Whatever precedes the line containing "Our living room" is not copied; that line and every line after it through the final one below are copied exactly, except pictures.

■ ■ ■ ■ ■ ■ ■

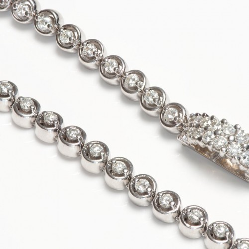 Set with approximately 9 carats of round brilliant cut diamonds, this necklace glows with refined brilliance. Each diamond boasts VS clarity and G–H color, ensuring remarkable sparkle and fire from every angle. A rare treasure for collectors and connoisseurs of fine vintage jewelry.
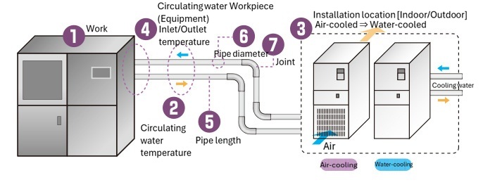 5) Determine the required "head" based on the pipe length, 6) pipe diameter, and 7) joints (number of bends), and confirm that the pump capacity of the chiller to be selected satisfies this requirement.
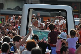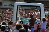 Puis, en un éclair, les voitures bleues (ndt: de la police) passent devant moi, et j'entends des voix: «Il arrive!». L'écho des applaudissements devient de plus fort en plus fort. Je me dresse sur la pointe des pieds pour scruter la Piazza Fontana à la recherche de la voiture blanche. La voilà. La dame me demande: «Allons-nous crier "Viva il Papa!"?». Bien sûr que oui. Il s'approche. Il passe devant moi, à quelques mètres. Je crie: Viva il Papa! Et je le regarde. Je ne pense à rien. Mais mon regard ne le quitte pas.
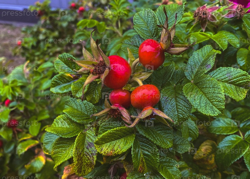 Оранжевые плоды шиповника и зеленые листья, крупным планом
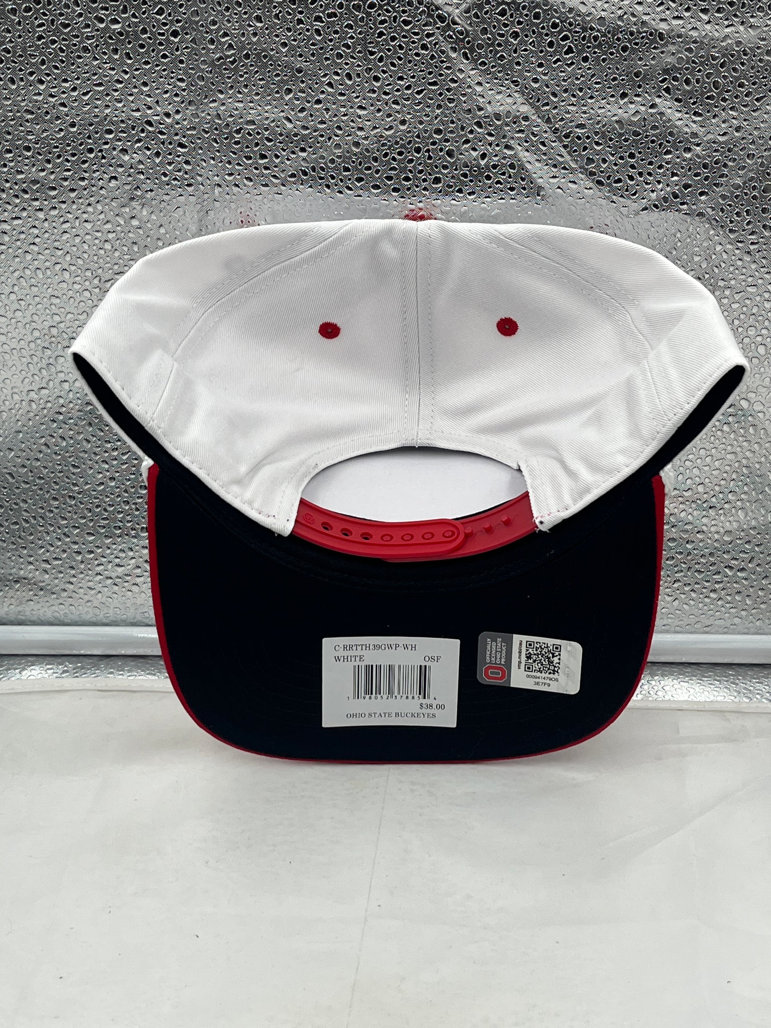 Constructed with high-quality materials, this snapback hat boasts a unique design that features a trendy rope accent on the front, making it a standout accessory for any game day outfit. The clean white color serves as a versatile base, easily pairing with any Buckeyes merchandise. Whether you're cheering from the stands or enjoying a day out, this hat ensures you stay fashionable while representing your favorite college football team.
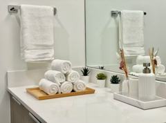 Our living room is by far the area we get the most praise on. This cozy yet elegant living room features a high-end sofa, tempered glass coffee table, a 65" LG smart TV and floor-to-ceiling windows which capture the breathtaking essence of the panoramic views of Lower Mainland and the North Shore mountains. It also has access to the huge patio aforementioned, offering an outdoor-indoor living experience. The sofa is also large enough to sleep one or two people. Extra pillows and blankets are stored in the closets if required. Step-by-step instructions are provided in the Guest Manual to access Wifi, Netflix, Youtube, PrimeVideo, DisneyPlus, Tubi, Telus Cable TV, etc.
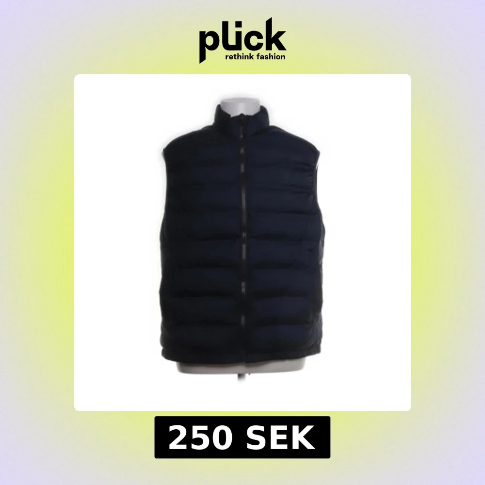 Snygg mörkblå dunväst från Zara med hög krage och raka, quiltade paneler. Västen har en hel dragkedja framtill och är perfekt för lager-på-lager. Enkel, stilren design som funkar till många olika looks. Säljer den pågrund av st, stor för mig! Priset kan diskuteras
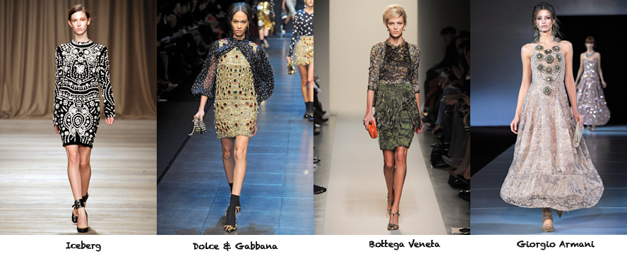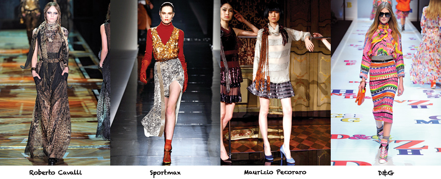 What topsy turvydom! Roberto Cavalli had some of my favorite looks with it’s over the top gypsy mess. He may represent the ultimate in Euro trash, but I have to say I love the feathery, Stevie Nicks, shiny business that was going on at the throats. And this layered animals print gown is pretty killer.

■ ■ ■ ■ ■ ■ ■

## YOUR SOLUTION
 Our living room is by far the area we get the most praise on. This cozy yet elegant living room features a high-end sofa, tempered glass coffee table, a 65" LG smart TV and floor-to-ceiling windows which capture the breathtaking essence of the panoramic views of Lower Mainland and the North Shore mountains. It also has access to the huge patio aforementioned, offering an outdoor-indoor living experience. The sofa is also large enough to sleep one or two people. Extra pillows and blankets are stored in the closets if required. Step-by-step instructions are provided in the Guest Manual to access Wifi, Netflix, Youtube, PrimeVideo, DisneyPlus, Tubi, Telus Cable TV, etc.
 Snygg mörkblå dunväst från Zara med hög krage och raka, quiltade paneler. Västen har en hel dragkedja framtill och är perfekt för lager-på-lager. Enkel, stilren design som funkar till många olika looks. Säljer den pågrund av st, stor för mig! Priset kan diskuteras
 What topsy turvydom! Roberto Cavalli had some of my favorite looks with it’s over the top gypsy mess. He may represent the ultimate in Euro trash, but I have to say I love the feathery, Stevie Nicks, shiny business that was going on at the throats. And this layered animals print gown is pretty killer.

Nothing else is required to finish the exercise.